Non-Qualified Plan

Written By
Paul Tracy
Updated November 4, 2020

What is a Non-Qualified Plan?

A non-qualified plan is a retirement plan to which the IRS does not grant specific tax benefits.

How Does a Non-Qualified Plan Work?

A non-qualified retirement plan is essentially whatever a qualified plan is not. In other words, if the plan does not meet the myriad of exact requirements the Internal Revenue Code section 401(a) and the Employee Retirement Income Security Act of 1974 (ERISA), the retirement plan is non-qualified.

But in general, the IRS deems defined-benefit plans and defined-contribution plans as qualified retirement plans (though hybrid plans, which combine elements of the two, are also acceptable in some cases). Defined-benefit plans are usually traditional pension plans; defined-contribution plans are often 401(k) plans, 403(b) plans, money-purchase pension plans, or profit-sharing plans. Non-qualified plans might involve trusts, life insurance policies, or deferred compensation plans, and the assets in these plans might be mixed with the assets of the employer (qualified plans don’t allow that).

This means that if a plan is non-qualified, employers generally cannot deduct contributions they make to the plans on behalf of their participants, and plan participants cannot exclude their contributions from their taxable income.

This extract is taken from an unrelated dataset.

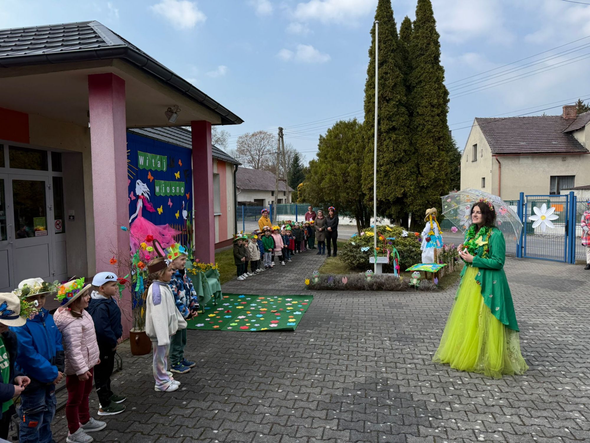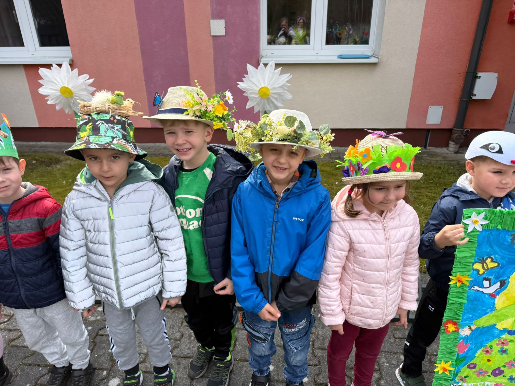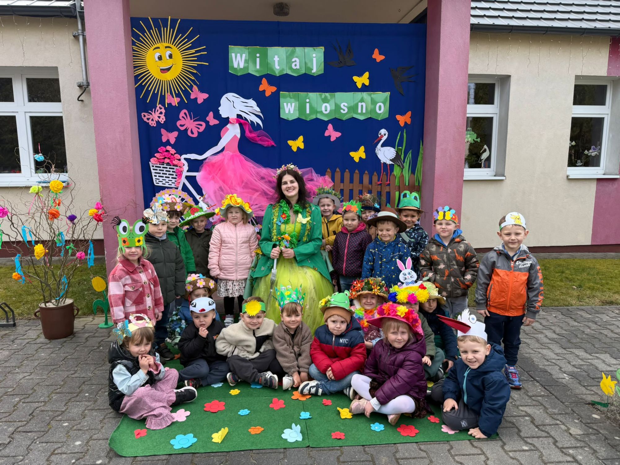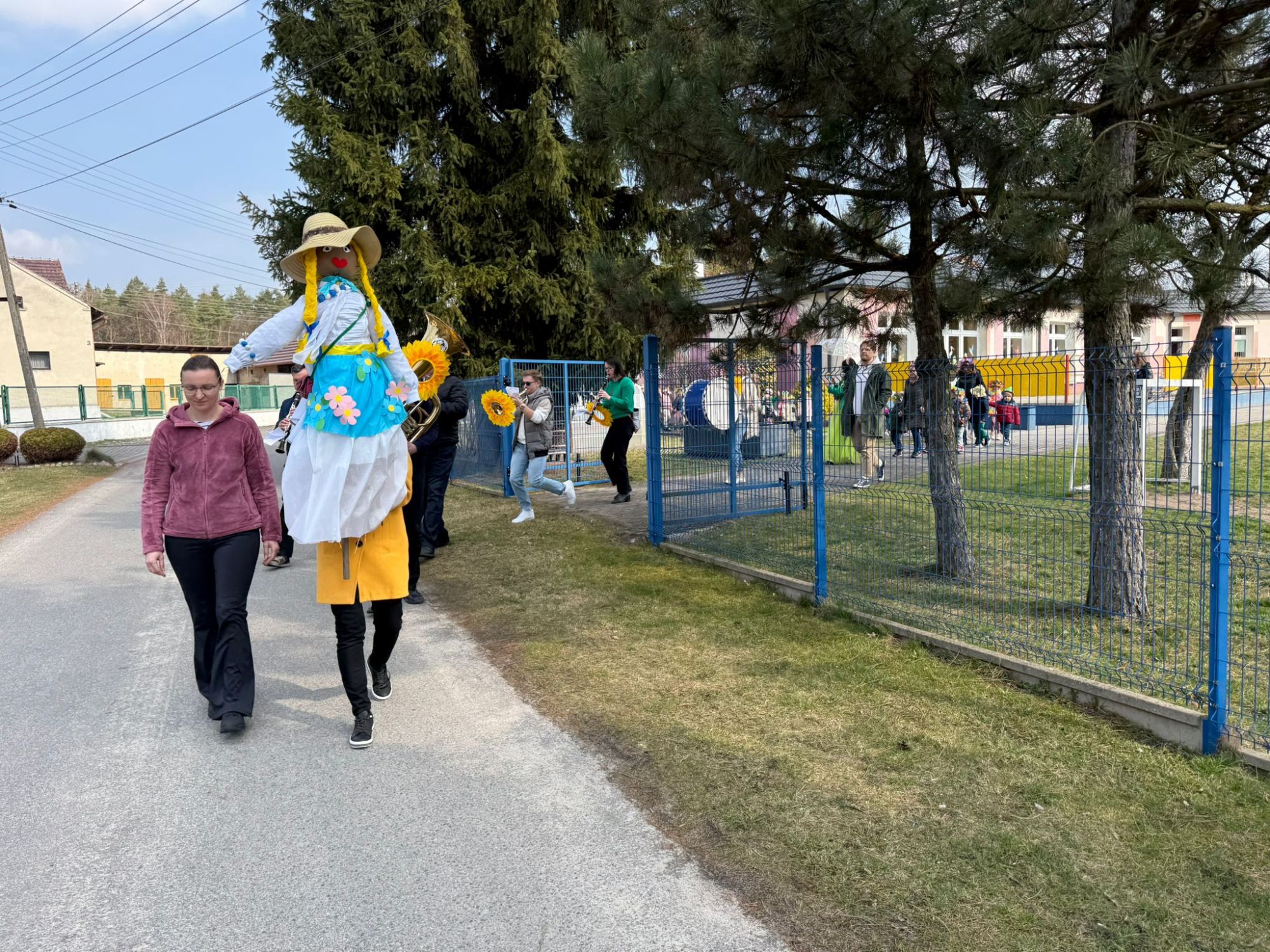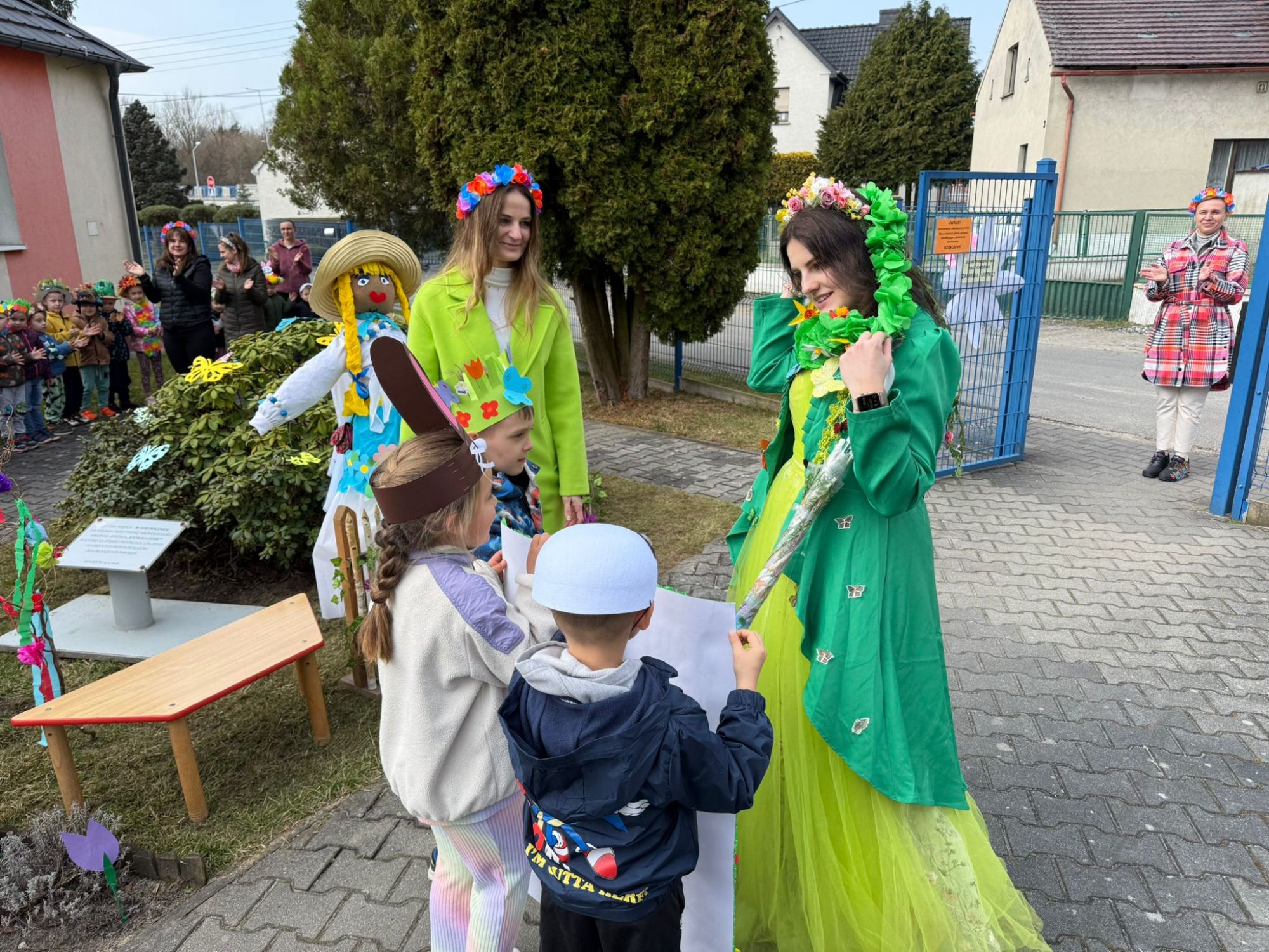 19 marca w naszym przedszkolu odbyło się wyjątkowe i pełne radości wydarzenie. Odwiedziła nas niezwykła gościni, Pani Wiosna, której towarzyszyła orkiestra dęta. Dzieci z ogromnym entuzjazmem i uśmiechem powitały nadejście nowej pory roku, tworząc ciepłą i serdeczną atmosferę na pięknie udekorowanym placu wejściowym. Wychowankowie przygotowali dla Pani Wiosny miłą niespodziankę, własnoręcznie wykonany portret oraz piękne kwiaty, które zawiesili na jej szyi. W ten sposób wyrazili swoją sympatię, radość oraz wdzięczność za przybycie i przyniesienie ze sobą wiosennego ciepła. Przedszkolaki z obu grup zaprezentowały część artystyczną. Z zaangażowaniem śpiewały wiosenne piosenki, wprowadzając wszystkich w pogodny, pełen energii nastrój. Ich występ został nagrodzony gromkimi brawami. Na zakończenie tego wyjątkowego wydarzenia wspólnie udaliśmy się nad rzekę, niosąc ze sobą Marzannę-symbol odchodzącej zimy. Tam, zgodnie z tradycją, dzieci uroczyście pożegnały zimę i z radością powitały wiosnę, mając nadzieję na słoneczne i pełne przygód dni.

Additionally, the earnings on the retirement plan funds are usually taxable.

Why Does a Non-Qualified Plan Matter?

Knowing whether a retirement plan is a qualified retirement plan is important, because having one entitles the participant to certain tax advantages that are not available to people saving for their retirement by other means. Given that tax deductions, tax credits, and tax deferrals can create significant differences in retirement income when compounded over several years or even decades, finding a qualified retirement plan is one of the most important things an investor can do to ensure adequate income after he or she stops working. Of course, qualified retirement plans do have their limitations, namely that the funds are often unavailable to the investor until he or she retires and sometimes are limited in terms of allowed investments. In those cases, a non-qualified plan might fit the bill.